FRIDAY PUZZLE — Welcome to Friday, everyone. We made it, and we’ve got a themeless gem of a puzzle to start off the weekend. Today’s puzzle is a collaboration between the constructors Christina Iverson (new assistant editor of the Los Angeles Times Crossword) and Caitlin Reid (mainstay on The New Yorker’s all-star crossword-constructor roster).

I’ve always felt that crossword puzzles should have tag lines to help distinguish their brand and capture what makes a New York Times puzzle different from a Los Angeles Times or a New Yorker puzzle. I’ve tried running a few potential New York Times Crossword tag lines by the editors around here, with very little success. Some of my favorites were “All the clues that’s fit to print” — that was a hard no (“It’s ungrammatical”) — and “It’ll help you Across when you’re feeling Down” (also, weirdly, not immediately adopted ).

Because it’s Friday, and because I think everyone could use a fun distraction from *gesticulates wildly* all thisI humbly request that you propose your own potential tag lines in the comments.

Speaking of fun distractions, let’s get into today’s fabulous puzzle by taking a peek at some of the tougher clues.

1 A. Right out of the gate, we hit the clue “It’s kneaded to make naan and roti,” which I adore. We often see ATTA clued as “lead-in to boy or girl” (as in, ATTAboy!), and it drives me nuts because there is already a perfectly cromulent meaning of ATTA: the flour used to bake naan and roti bread.

18A. The “Enterprise that’s folding” is ORIGAMI, because you fold paper to create ORIGAMI.

25A. A meter reader checked my gas use the other day, but a “Meter reader?” is a POET, who might recite poetry (meter) at a reading or a poetry slam.

37A. I’ve never had courtside seats at a basketball game, but from what I can see on TV they’re just normal chairs. Here, however, we are talking about “Courtside seats?” with a question mark — the pun is on “courtside,” which, rather than referring to a basketball court, refers to a king’s or queen’s court.
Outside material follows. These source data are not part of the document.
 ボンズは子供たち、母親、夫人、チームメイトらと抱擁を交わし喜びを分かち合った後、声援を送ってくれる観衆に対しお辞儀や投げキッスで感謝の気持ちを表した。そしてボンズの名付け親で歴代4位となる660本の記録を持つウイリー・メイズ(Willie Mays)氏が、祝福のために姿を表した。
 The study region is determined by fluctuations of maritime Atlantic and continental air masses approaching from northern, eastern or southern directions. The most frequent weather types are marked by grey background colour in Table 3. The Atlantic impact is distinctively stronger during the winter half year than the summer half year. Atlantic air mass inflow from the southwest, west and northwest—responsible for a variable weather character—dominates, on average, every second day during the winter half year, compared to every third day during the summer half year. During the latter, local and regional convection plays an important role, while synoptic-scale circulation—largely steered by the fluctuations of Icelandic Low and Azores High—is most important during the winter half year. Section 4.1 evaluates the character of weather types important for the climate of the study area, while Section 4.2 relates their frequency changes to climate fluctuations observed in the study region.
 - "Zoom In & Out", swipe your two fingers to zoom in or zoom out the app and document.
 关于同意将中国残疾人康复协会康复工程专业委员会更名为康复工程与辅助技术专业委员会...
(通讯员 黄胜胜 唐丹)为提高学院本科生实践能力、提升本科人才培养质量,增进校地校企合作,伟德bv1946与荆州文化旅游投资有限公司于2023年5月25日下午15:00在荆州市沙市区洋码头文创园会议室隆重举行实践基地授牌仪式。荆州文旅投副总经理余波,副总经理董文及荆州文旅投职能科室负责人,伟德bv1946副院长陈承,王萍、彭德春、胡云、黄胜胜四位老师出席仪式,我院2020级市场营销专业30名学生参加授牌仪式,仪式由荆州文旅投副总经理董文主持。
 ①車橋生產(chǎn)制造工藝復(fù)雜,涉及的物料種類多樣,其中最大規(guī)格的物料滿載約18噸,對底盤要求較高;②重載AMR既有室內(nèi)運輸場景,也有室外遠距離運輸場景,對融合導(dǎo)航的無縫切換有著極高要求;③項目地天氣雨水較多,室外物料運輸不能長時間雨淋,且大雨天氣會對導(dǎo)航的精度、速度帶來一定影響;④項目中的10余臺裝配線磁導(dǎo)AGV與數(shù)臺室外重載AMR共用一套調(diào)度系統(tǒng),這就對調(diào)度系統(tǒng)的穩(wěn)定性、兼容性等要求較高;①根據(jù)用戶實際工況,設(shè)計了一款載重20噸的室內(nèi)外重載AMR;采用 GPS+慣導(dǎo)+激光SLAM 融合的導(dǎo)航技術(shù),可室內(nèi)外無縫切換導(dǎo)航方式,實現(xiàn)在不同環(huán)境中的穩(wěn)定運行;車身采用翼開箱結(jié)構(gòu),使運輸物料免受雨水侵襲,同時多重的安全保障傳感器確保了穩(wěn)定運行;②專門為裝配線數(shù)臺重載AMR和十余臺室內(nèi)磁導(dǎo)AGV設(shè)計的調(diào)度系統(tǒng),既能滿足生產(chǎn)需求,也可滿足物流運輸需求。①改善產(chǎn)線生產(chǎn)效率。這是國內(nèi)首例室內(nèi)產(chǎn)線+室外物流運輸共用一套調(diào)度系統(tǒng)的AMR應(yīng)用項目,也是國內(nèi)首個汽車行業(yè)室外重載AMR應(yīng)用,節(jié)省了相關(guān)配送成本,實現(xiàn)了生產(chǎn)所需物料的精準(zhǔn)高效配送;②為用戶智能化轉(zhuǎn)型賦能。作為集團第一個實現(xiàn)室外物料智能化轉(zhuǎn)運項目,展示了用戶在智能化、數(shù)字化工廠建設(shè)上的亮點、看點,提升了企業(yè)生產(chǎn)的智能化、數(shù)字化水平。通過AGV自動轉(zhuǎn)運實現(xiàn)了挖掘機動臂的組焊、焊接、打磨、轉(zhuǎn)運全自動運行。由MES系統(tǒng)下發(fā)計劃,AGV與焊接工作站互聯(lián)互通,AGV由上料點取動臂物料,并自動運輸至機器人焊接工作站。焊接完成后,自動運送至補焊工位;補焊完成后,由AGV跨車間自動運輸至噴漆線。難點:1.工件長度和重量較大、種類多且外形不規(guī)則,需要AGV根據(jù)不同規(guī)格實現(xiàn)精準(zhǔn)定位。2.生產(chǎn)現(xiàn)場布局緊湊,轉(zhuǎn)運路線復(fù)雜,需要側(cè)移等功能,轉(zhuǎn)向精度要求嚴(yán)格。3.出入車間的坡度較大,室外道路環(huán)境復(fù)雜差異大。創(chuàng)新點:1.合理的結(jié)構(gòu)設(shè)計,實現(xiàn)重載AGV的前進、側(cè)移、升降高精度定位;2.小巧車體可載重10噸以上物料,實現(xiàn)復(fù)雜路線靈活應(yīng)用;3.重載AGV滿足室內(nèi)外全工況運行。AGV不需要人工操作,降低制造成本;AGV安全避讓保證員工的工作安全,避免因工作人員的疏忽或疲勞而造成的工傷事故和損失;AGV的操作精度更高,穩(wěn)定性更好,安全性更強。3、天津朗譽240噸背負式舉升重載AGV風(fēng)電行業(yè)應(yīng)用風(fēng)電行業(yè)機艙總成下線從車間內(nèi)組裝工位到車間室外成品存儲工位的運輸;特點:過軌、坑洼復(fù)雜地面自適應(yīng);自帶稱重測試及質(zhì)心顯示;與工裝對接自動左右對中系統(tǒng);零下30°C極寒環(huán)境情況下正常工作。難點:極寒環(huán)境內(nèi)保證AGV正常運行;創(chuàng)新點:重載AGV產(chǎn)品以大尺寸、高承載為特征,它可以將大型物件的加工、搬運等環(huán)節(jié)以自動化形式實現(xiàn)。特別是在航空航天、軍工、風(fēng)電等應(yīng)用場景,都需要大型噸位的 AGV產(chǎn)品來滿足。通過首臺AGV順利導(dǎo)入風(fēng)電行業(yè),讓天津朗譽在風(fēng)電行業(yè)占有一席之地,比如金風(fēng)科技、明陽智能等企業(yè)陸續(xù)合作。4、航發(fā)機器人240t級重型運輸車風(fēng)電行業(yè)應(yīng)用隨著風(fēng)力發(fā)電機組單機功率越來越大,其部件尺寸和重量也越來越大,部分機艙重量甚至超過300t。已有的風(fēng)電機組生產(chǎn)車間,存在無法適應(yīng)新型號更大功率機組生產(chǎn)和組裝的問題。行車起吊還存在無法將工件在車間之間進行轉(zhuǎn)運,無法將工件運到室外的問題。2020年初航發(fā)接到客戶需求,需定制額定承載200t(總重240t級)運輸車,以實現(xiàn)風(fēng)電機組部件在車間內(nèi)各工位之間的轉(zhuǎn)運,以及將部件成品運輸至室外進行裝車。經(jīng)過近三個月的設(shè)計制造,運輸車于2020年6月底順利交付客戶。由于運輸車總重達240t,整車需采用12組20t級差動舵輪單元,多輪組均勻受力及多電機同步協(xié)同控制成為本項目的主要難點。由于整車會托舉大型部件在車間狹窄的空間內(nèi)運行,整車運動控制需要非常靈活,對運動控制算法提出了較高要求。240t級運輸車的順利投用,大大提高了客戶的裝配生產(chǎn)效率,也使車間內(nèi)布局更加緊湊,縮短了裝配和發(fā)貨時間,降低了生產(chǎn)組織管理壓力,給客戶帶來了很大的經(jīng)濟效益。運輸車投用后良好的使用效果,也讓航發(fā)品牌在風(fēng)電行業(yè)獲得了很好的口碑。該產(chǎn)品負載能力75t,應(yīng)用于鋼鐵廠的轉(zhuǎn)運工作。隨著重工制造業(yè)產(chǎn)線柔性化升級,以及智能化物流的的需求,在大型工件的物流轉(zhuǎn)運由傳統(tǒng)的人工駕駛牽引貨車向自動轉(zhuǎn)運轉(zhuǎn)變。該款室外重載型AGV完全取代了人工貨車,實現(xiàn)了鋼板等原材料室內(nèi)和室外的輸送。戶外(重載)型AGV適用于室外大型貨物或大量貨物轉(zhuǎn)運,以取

Therefore, the courtside seats in question are THRONES.

56A, “’Heated’ events” are MEETS because competitors at track or swim meets compete in individual heats.

57A. “Tagline?” is an excellent clue for DO NOT IRON. I’m not sure this tag line would work for the New York Times Crossword, but it would certainly prevent me from ruining a silk shirt with a hot iron if it were printed prominently on the tag. I mean, it would probably help, assuming I read the tag first.

8D. I had no idea that FALLS were a “Classic destination for honeymooners.” Are we talking, like, Niagara FALLS? Some other FALLS? Just waterFALLS in general? I did a quick internet search about it, and apparently it’s a thing!

19D. I like the clue “You might draw things with this” for MAGNET because it works on two levels. The correct, wordplay level is that a MAGNET might draw something in using its magnetism, but the sillier level is that an Etch A Sketch is really just a magnet and a bunch of iron filings that you use to draw.

40D. Today I learned that what we in the US refer to as a sedan is called a SALOON in Britain. (The clue here is in the analogy format “Sedan : US :: ___ : UK”) Do Britons get confused when they visit Old West tourist attractions where they’re expected to drink in a SALOON?

42D. The clue “Religious exodus” refers to the HEGIRA, which was Muhammad’s departure from Mecca in the seventh century.

52D. “Large sums of money, informally” are GEES, short for “grands,” or thousands of dollars. As in, “He paid 40 GEES for his new SALOON.”

Thanks to Ms. Iverson and Ms. Reid for this fun Friday diversion. Let’s hear from them about their collaboration.

Christina Iverson: I’m thrilled to be sharing a byline with one of the best in the business! Caitlin and I connected three years ago when I reached out because we were both stay-at-home-mom constructors at the time. (I’ve since started working as Patti Varol’s assistant editor for the Los Angeles Times Crossword.) We bounced ideas around relating to nursery rhymes but never ended up making a themed puzzle. About a year and a half later, we reconnected and made this themeless one, with I’M A LITTLE TEAPOT as a seed. As the grid evolved, only the TEAPOT remained, but I think the puzzle is better for it.

I learned so much from Caitlin about themeless construction. Her puzzles are always so sparkly and clean, which is what I always strive for in any puzzle. She really pushed me with this one, to keep reworking it until we were 100 percent satisfied with every section.

Caitlin Reid: As Christina mentioned, we’ve been looking to collaborate on a puzzle together for a while now. I’m excited that the time has finally come!

Christina is a pleasure to work with and diligently aims for clean, fun fill. It’s no wonder that the Los Angeles Times wanted her for an assistant editor! A lot of my favorite fill and clues we submitted were hers, like 57-Across and several other cute ones that sadly ended up on the cutting room floor. I also loved the editing team’s clue for 18-Across. Hope you enjoy the puzzle!